Kreuz und Quer durch Korea

ⓒ Getty Images Bank
Ein Jahr nach Einführung der Gehaltsdeckelung im Profi-Baseball werden Forderungen nach einer Abschaffung oder Änderung dieses Systems laut. Bei der letzten Sitzung des Vorstands der Korea Baseball Organisation, KBO, im letzten Jahr wurde ein solcher Vorschlag unerwartet vorgebracht. 

Der aus den Vereinschefs bestehende KBO-Vorstand hatte die Gehaltsdeckelung im Jahr 2023 eingeführt, um für mehr Ausgeglichenheit in der Liga zu sorgen. KBO setzte 120 Prozent des Durchschnittsgehalts der Mannschaften als Gehaltsobergrenze fest. Das Durchschnittsgehalt wurde anhand der Summe der Jahresgehälter der 40 Spitzenverdiener der jeweiligen Mannschaften ermittelt. 120 Prozent davon waren 11,4 Milliarden 263,8 Millionen Won, etwa 7,9 Millionen Euro. Es wurde vereinbart, diese Obergrenze drei Jahre lang, bis 2025 aufrechtzuerhalten. Bei einem einmaligen Verstoß werden 50 Prozent des Überschusses als Strafgeld einkassiert. Beim zweiten Mal sind es 100 Prozent und beim dritten Mal 150 Prozent. 

KBO teilte im Dezember mit, dass im Jahr 2023 keine der Mannschaften gegen die Auflagen verstoßen habe. Es stellte sich jedoch heraus, dass bei fünf Mannschaften der Spielraum innerhalb eines Bereichs von einer Milliarde Won lag. Drei Mannschaften hatten die Summe, die sie in einer Saison für Spielergehälter ausgeben dürfen, zu 95 Prozent ausgeschöpft. 
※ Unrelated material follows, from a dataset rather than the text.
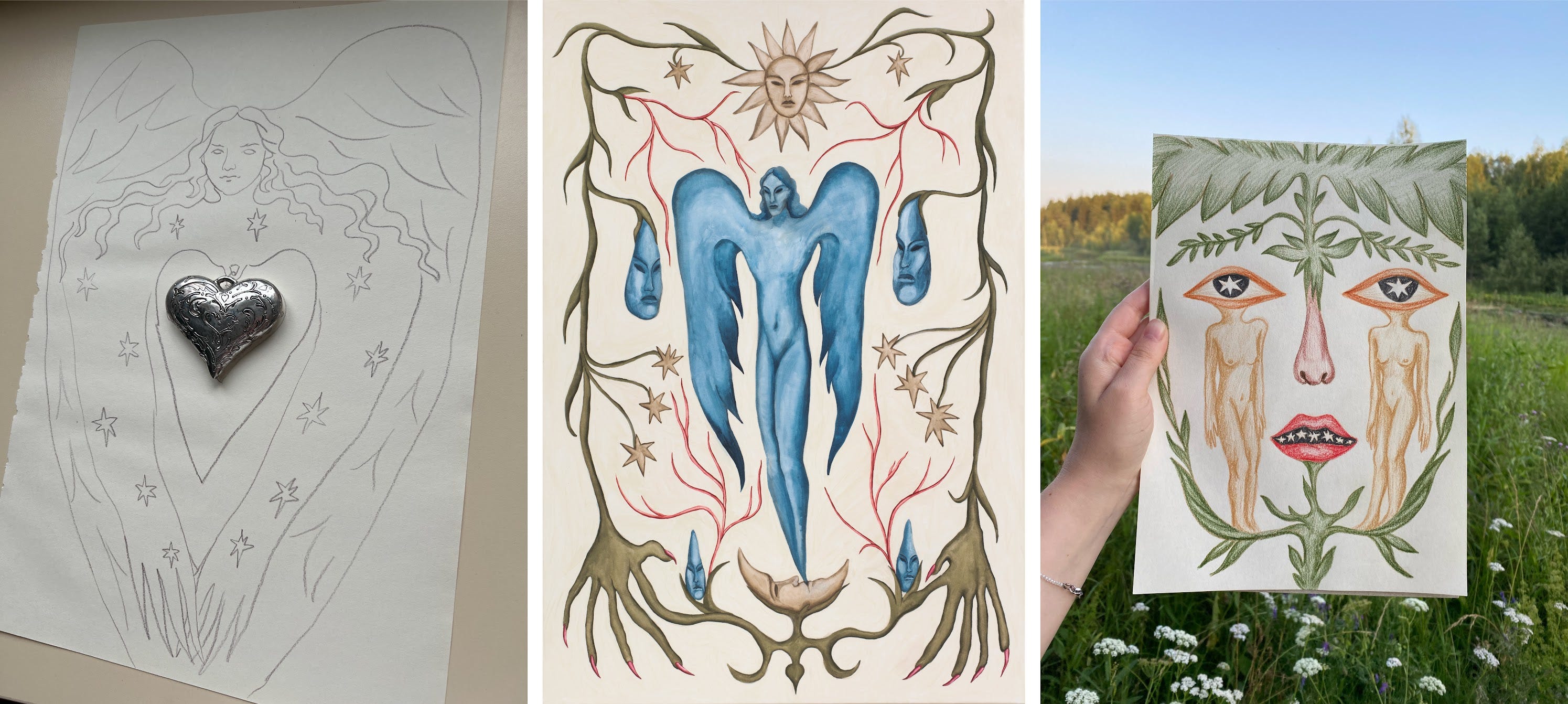 —> Перебирание старых работ, пересматривание архива, мне важно видеть сколько всего я сделала, важно копаться во всех этих образах. Каждый раз перебирая работы вижу что-то новое, что раньше не замечала.

Auf dem Free Agent Markt in diesem Winter wurden Verträge in Millionenhöhe abgeschlossen. Es ist daher anzunehmen, dass in der Saison 2024 einige Vereine die Gehaltsobergrenze überschreiten werden. Im Exekutivausschuss sind derzeit zwei Vereine dafür, dass die Gehaltsdeckelung wie geplant drei Jahre lang gültig bleibt. Die restlichen Vereine drängen aber auf eine Änderung. Einige argumentieren, dass zumindest die Inflation berücksichtigt werden müsse.